67 All empirical chapters are written in the style of a ‘disrupted realist tale’. A traditional realist tale is the dominant means of representing qualitative findings and is characterised by experiential author(ity) (researcher/author absent from finished text); the participant’s point of view; and interpretive omnipotence (theoretical account of the story) (Sparkes & Smith, 2014). Together, these characteristics operate to faithfully represent the participants’ point of view whilst drawing upon theories and concepts to explain the findings. As Sparkes (2002) explains:

The realist conventions connect theory to data in a way that creates spaces for participants’ voices to be heard in a coherence text, and with specific points in mind. When well constructed, data-rich realist tales can provide compelling, detailed, and complex depictions of a social world. (p.55)

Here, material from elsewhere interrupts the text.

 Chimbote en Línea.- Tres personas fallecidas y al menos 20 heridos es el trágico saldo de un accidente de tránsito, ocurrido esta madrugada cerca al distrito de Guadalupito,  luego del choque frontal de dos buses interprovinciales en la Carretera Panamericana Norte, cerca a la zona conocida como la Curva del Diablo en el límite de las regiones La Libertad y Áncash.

A realist tale is written in traditional academic prose and framed by the voice of a disembodied author (Sparkes & Smith, 2014). However, as Sparkes (2002) suggested, the traditional realist tale can be modified to bring to light the author’s role in the construction of the text. With this in mind, I present my interpretive role in the research process and construction of findings by including a series of critical reflections – taken from my reflexive journal – throughout the empirical chapters. These critical reflections are extracts from my reflexive journal that illuminate my analytical thinking at various stages in the research project. Thus, my realistic tale is disrupted as I position myself as a reflexive qualitative researcher throughout the empirical chapters.

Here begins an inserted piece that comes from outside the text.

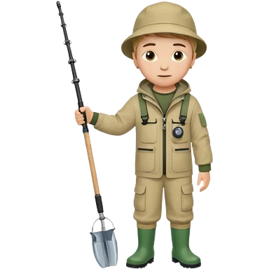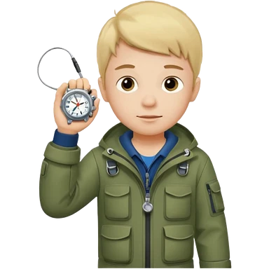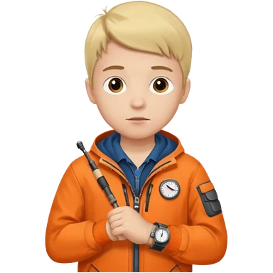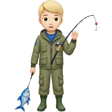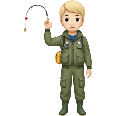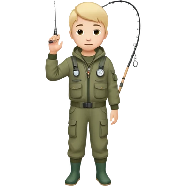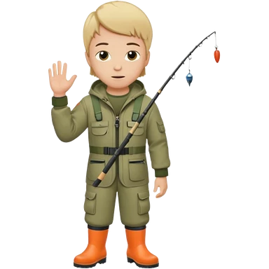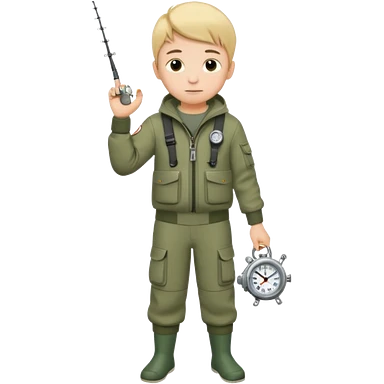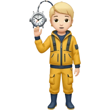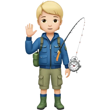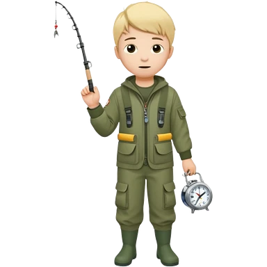 Boy in fishing suit looking at his wristwatch, full body emoji
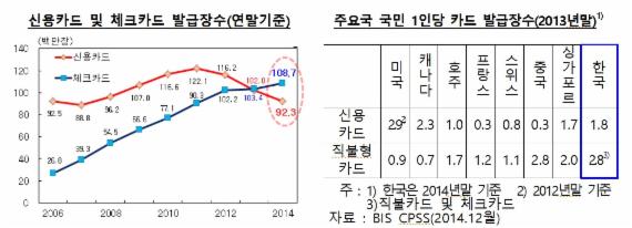 24일 한국은행이 발간한 '2014년 중 지급결제동향'에 따르면 지난해 말 현재 신용카드 발급장수는 9230만장으로 1년 전보다 970만장(9.5%) 줄었다. 신용카드 발급장수는 지난 2008년(9620만장) 이후 6년 만에 1억장 아래로 떨어졌다.

The empirical chapters seven to nine that were analysed through a narrative lens, additionally drew upon the standpoint of a story analyst. As Smith and Sparkes (2008) contend, there is a difference between a story analyst and a story teller. On the one hand, story analysts conduct an analysis of the narrative whereby “the researcher steps outside or back from the story and employs analytical procedures, strategies and techniques in order to abstractly scrutinise, explain and think about its certain features” (p.21). On the other hand storytellers “move away from abstract theorising and explaining toward the goals of evocation, intimate involvement, engagement and embodied participation with stories” (p.21). Storytellers therefore present their research through creative analytic practices such as autoethnography, ethnodrama and fiction. As a story analyst however, I was concerned with the context of the story, the where’s (place), the when’s (time), whilst addressing additional

68 questions of what (in relation to content) and how (the story is told in a certain way) (Gubrium & Holstein, 2009).

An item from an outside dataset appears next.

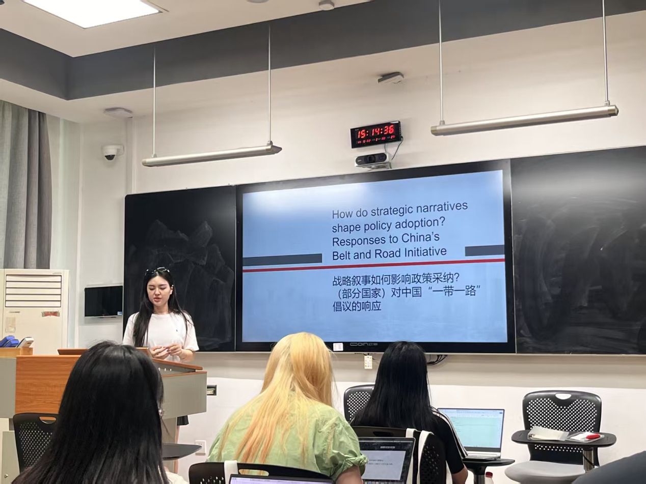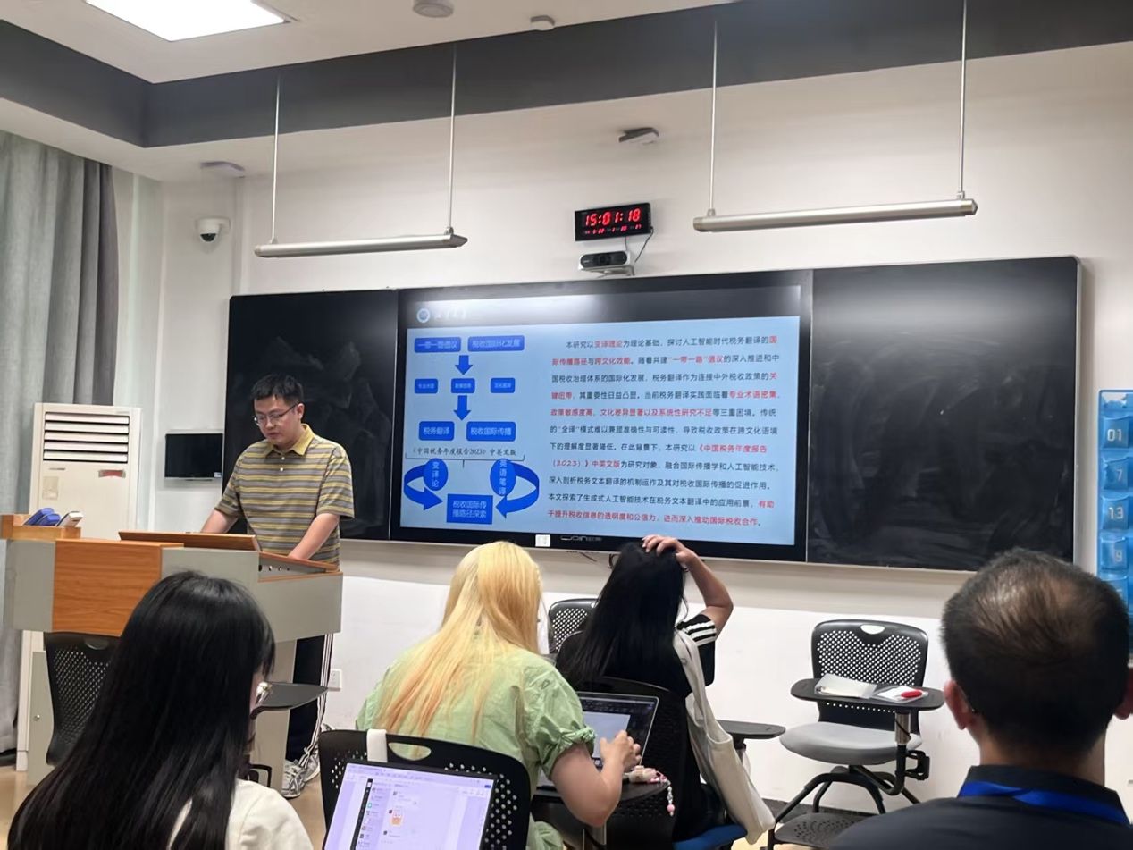 6月17日下午,两场聚焦前沿议题的学术分享相继展开。其一,来自澳门城市大学的博士研究生于金力同学以“How Do Strategic Narratives Shape Policy Adoption?”为例展开文献阅读分享。她聚焦我国的“一带一路”倡议,通过构建“物质利益—本体安全”框架和对哈萨克斯坦等7个国家的比较研究,系统阐释了战略叙事在政策采纳过程中的关键作用。研究发现,成功的战略叙事必须同时满足物质利益诉求和本体安全需求,这一结论为理解国际政策传播机制提供了新视角。分享还客观评估了该研究的理论创新与局限,为后续研究指明了方向。其二,来自湘潭大学的硕士研究生王琛同学则以《中国税务年度报告(2023)》为例做学术分享。他基于变译理论,分析了税务翻译面临的专业术语、文化差异等困境,探讨生成式 AI的技术应用。该研究通过增、减、编等变译手段提升译文可读性,构建 AI 分析模型,为税务翻译国际传播和推动国际税收合作提供了新思路。两位同学的精彩分享引发了在场师生的热烈讨论和深入交流。此次学术分享不仅展现了青年学者扎实的理论功底和敏锐的问题意识,也通过国际关系与翻译研究的跨学科对话,为“一带一路”政策传播与国际税收合作等现实议题提供了创新性的研究视角和方法论启示。

To address the whats and hows of storytelling, Gubruim & Holstein (2009) suggest using a technique called analytical bracketing. When conducting a DNA, analytical bracketing first involves bracketing the storytelling scene to bring the content of the story into focus (Frank, 2010). Exploring the content of the story allows questions to be answered regarding what is being said in the story, whilst temporarily putting aside empirical matters such as how the stories were told and how the stories were structured (Gubruim & Holstein, 2009). The next stage of a DNA brackets the content of the story and brings the storytelling back into the analysis as the hows of talk are examined alongside the work that these stories do to and for people (Frank, 2010; Smith & Sparkes, 2014). Chapter seven is presented as a complete dialogical narrative analysis as the questions of how physiotherapists manage hope and expectations and what strategies they draw upon are examined. Chapters eight and nine turn attention to the experiences of ABR by participants with SCI and their trainers at Neurokinex. Through this process of analytical bracketing, chapter eight focuses upon the content of the stories to answer the what questions (e.g. What were the barriers to exercise? What did people do to overcome these barriers? What facilitated continued engagement with ABR?). Chapter nine examines the hows of talk and identifies the types of narratives that were drawn upon to scaffold and structure the stories of ABR. Together these two chapters address the stories told by participants and the effects of telling these stories.